People Who Influenced Me
I have been lucky to have a large number of people influence me. The
most important person was my mother, who encouraged me to always do the
best I could, and who also continually challenged me to do better. My
father died when I was seven, so my mother really was the guiding light
in my life.
I attended an elementary school in North Hollywood, California (a suburb
of Los Angeles) that specialized in "special education" classes for kids
with physical or other handicaps, but which also provided regular classes
for their brothers and sisters. I had two teachers there (Mrs. Judith
Newman in the second grade and Mrs. Mildred Christiansen in the sixth
grade) who greatly encouraged me, and provided the extra challenge to
work harder. In junior high, my ninth grade science teacher (Mr. Robert
Hayes) let me try out experiments after school; this was my first experience
with research. As a physics undergraduate at Berkeley, two faculty (Buford
Price and John Reynolds) and three of their post-doctoral fellows for
whom I worked (Calvin Alexander, Dennis O'Sullivan and Wolf Kaiser) showed
me how to do REAL research, and with another professor (Kinsey Anderson)
who provided independent research funds for a lunar photogeology project,
changed the entire direction of my professional life (from physics and
astronomy to planetary science).
It was in graduate school, however, that I met and worked with the men
who had the most influence on my professional life: Bruce Murray, Robert
Sharp and Eugene Shoemaker. Murray was my research advisor, and the four
years I was his student were the most exciting and productive of my career.

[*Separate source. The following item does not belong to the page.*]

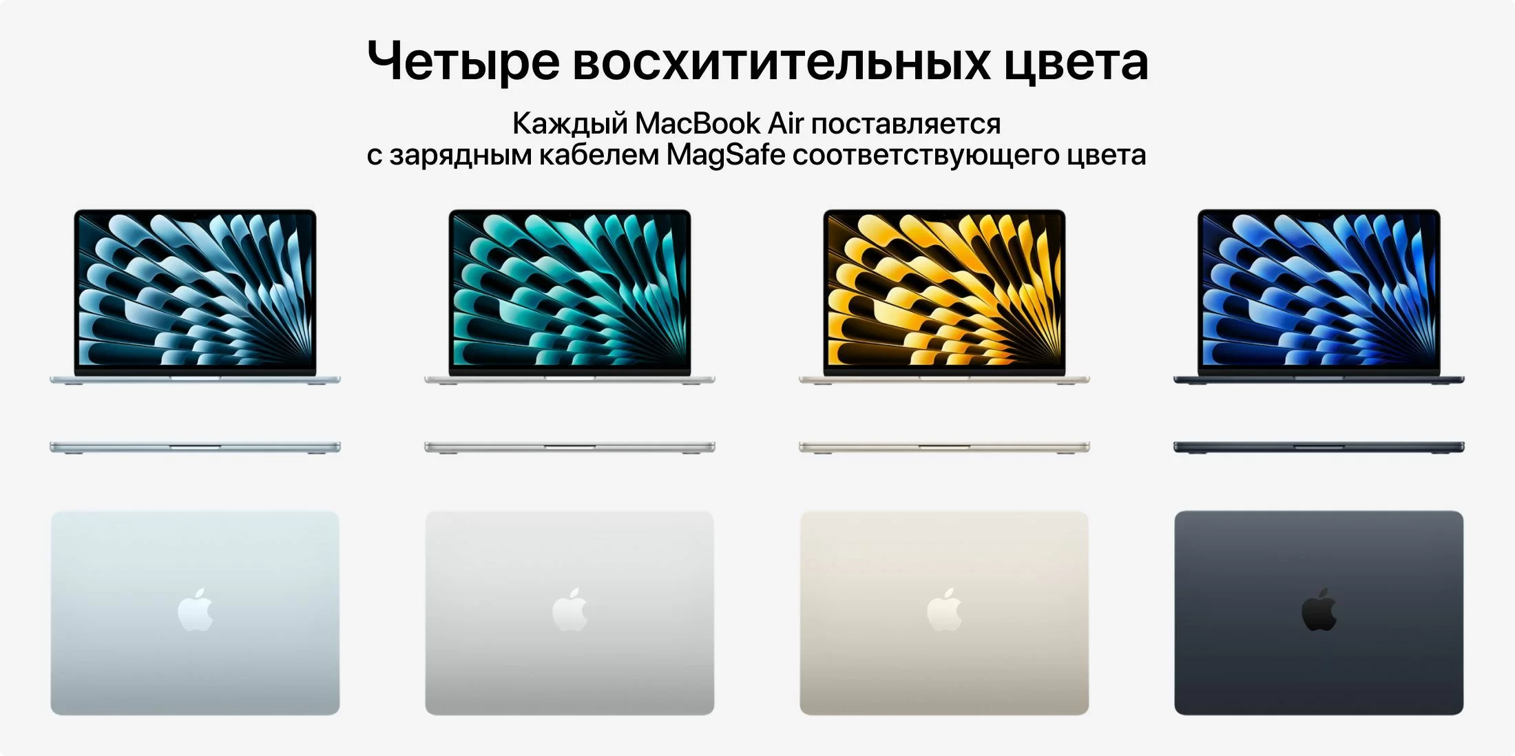 Четыре цвета на выбор — Sky Blue, Silver, Starlight и Midnight. Каждый MacBook Air поставляется с кабелем MagSafe в тон корпусу.

Sharp is a living legend, one of the greatest geologists of this century,
and his guidance by example, in particular in jointly conducted research,
was the most important to how I developed as a professional scientist.
Shoemaker is the "father" of planetary geology, and I was fortunate to
be the teaching assistant for his lunar geology course during the first
few years after the lunar landings completely changed our view of the
moon. From Gene I discovered it was okay to have fun while other people
paid you to work.
A Little More About Me
I am a native Californian, born in Burbank, a suburb of Los Angeles,
(at a hospital right across the street from the Walt Disney Studios),
raised in North Hollywood, Studio City, and Van Nuys, all in the San Fernando
Valley north of LA, and educated at Berkeley and Caltech. I have only
lived outside the state once, for 11 years when I taught at Arizona State
University in Tempe (a suburb of Phoenix). I moved back to California
after I left ASU in May 1991. Today, I live near the ocean in La Jolla,
California, a suburb of San Diego. The offices of my company, Malin Space
Science Systems, are nearby.
I enjoy my work very much. Some of the pictures below may indicate why:
From left to right, these pictures show me:
- in a helicopter in Hawaii, on my way to study Mauna Loa volcano
- jumping and saluting like an astronaut in the Olympus mountain range
in Antarctica
- standing at the South Pole, holding the American flag that marks the
location
- crossing a stream in Katmai National Monument in Alaska, where I was
studying the results of a large volcanic eruption in 1912 (my pack,
weighing 40 kg (90 pounds), includes four cameras!)
There is a real danger in having a job that is as much fun as mine:
I am "addicted" to my work. I don't have any hobbies because my job lets
me do many things I might otherwise do as a hobby (for example, I make
computer animations and go hiking and camping). I do enjoy fly fishing
and sailing, but haven't figured out a way to relate this to my work (yet!).